Of course it’s not just Melville. Lots of writers were margin writers. Voltaire supposedly wrote in nearly all his books. Unfortunately, his entire library is in Russia. Catherine the Great bought it after his death.
But we have Mark Twain’s stuff, and that’s arguably better. The dude was hilarious and brutal in the margins. Some of his notes were digitized by the New York Times. In one line, he accuses the writer of stealing an image and then, subsequently writes “ditto” under the next bits. (also, ditto was apparently part of Mark Twain’s vocabulary … weird)
Twain would frequently accuse authors of theft, like he did here with the notation, “another theft.”
I mean, when viewed through this lense, writing in your books is cool, right? These are the footsteps of our greatest literary figures. You feel a bit like, well now how can it be bad to write in my books if Voltaire did it? You feel as though you’re being peer-pressured through the centuries.

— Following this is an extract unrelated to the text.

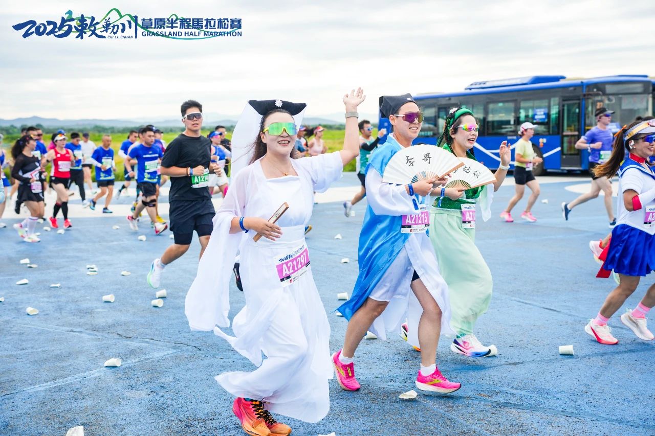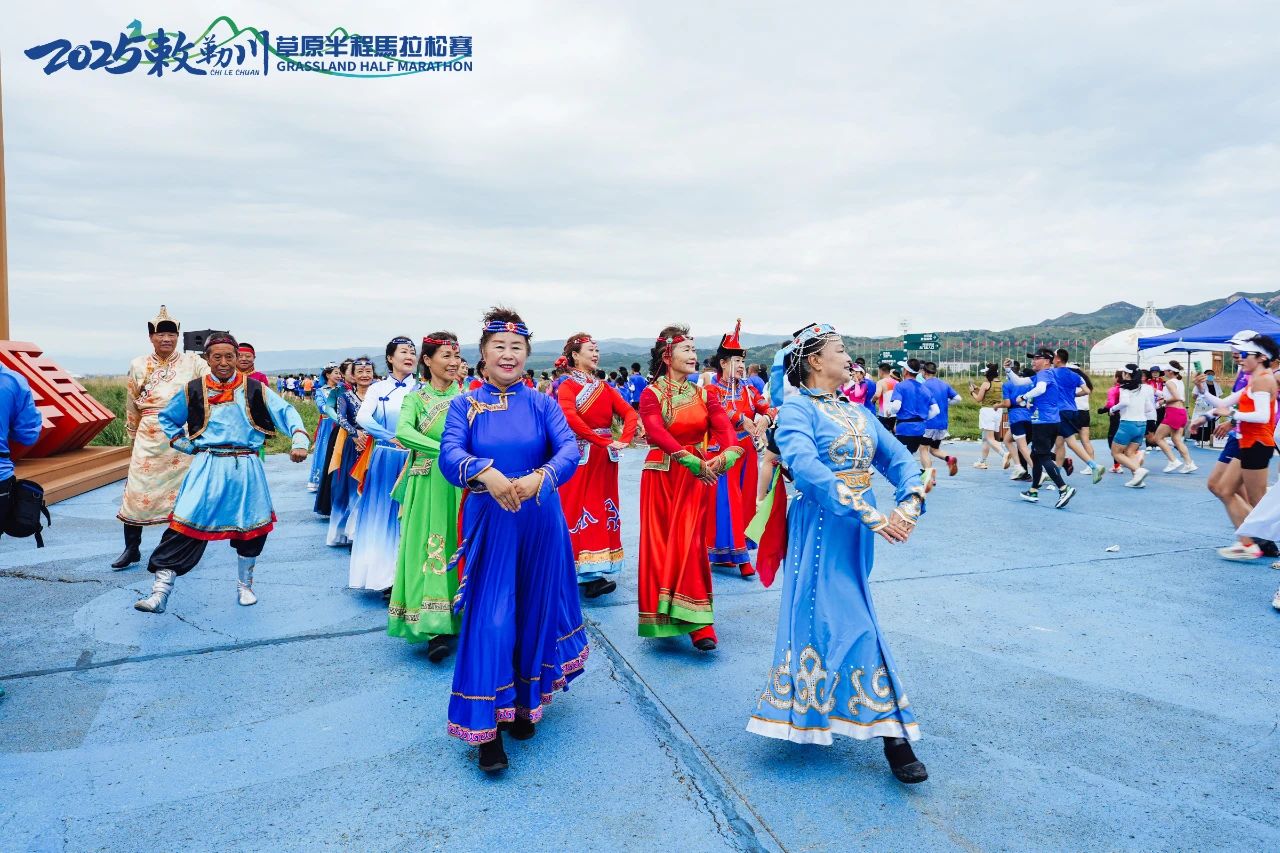 八月正值草原花期,草原赛道如诗如画,沿途格桑花、马兰花等野花竞相绽放,与近在咫尺的大青山构成壮阔画卷。组委会特别设置4处“文艺加油站”,马头琴演奏、安代舞表演等轮番上演,为选手加油助威。“看到身着民族盛装的叔叔阿姨们为我们加油,这种奔跑在故乡草原的感觉太震撼了!”本地跑者王雪松感慨道。

And, on that note, I suppose I should go back to the beginning here. I suggested that it’s unpleasant to get the marked-up books from the dollar rack. But then again, it’s not such a bummer when you get a marked-up book, it’s even a bit nice. It kind of feels like you’re sharing something with some stranger, some viscerally human human-being whom — just like you — went looking for answers from Schopenhauer or Carl Jung. And there’s that feeling that this book was thoroughly appreciated. Like, it lived a life before it fell into your hands. And that’s nice too.
You ever try to close-read a page-turner? There’s nothing under there. But I wanted to see what made everybody obsessed with Daisy Jones & The Six and Malibu Rising. Two big tricks I learned: heavy-handed foreshadowing and cliff-hangers
I especially liked the last paragraph. I do not write in my books, but maybe I should. In college, I wrote in my texts. I do know that when I pick up a used book and find the writings of some unknown reader, I am a bit excited each time. Whether it makes sense to me or not, it feels like an intimate moment between readers.
I wrote all over my books in college but find them too sacred to write in now. They were tools then, objects of love now. That said, for me finding writings in books forms a connection to whoever owned and read them before, like a book club over time and space. Including my college books. How cool is it to connect with a younger, earnestly passionate version of myself? However, NOT in library books. That's the worst. Evil. Just no.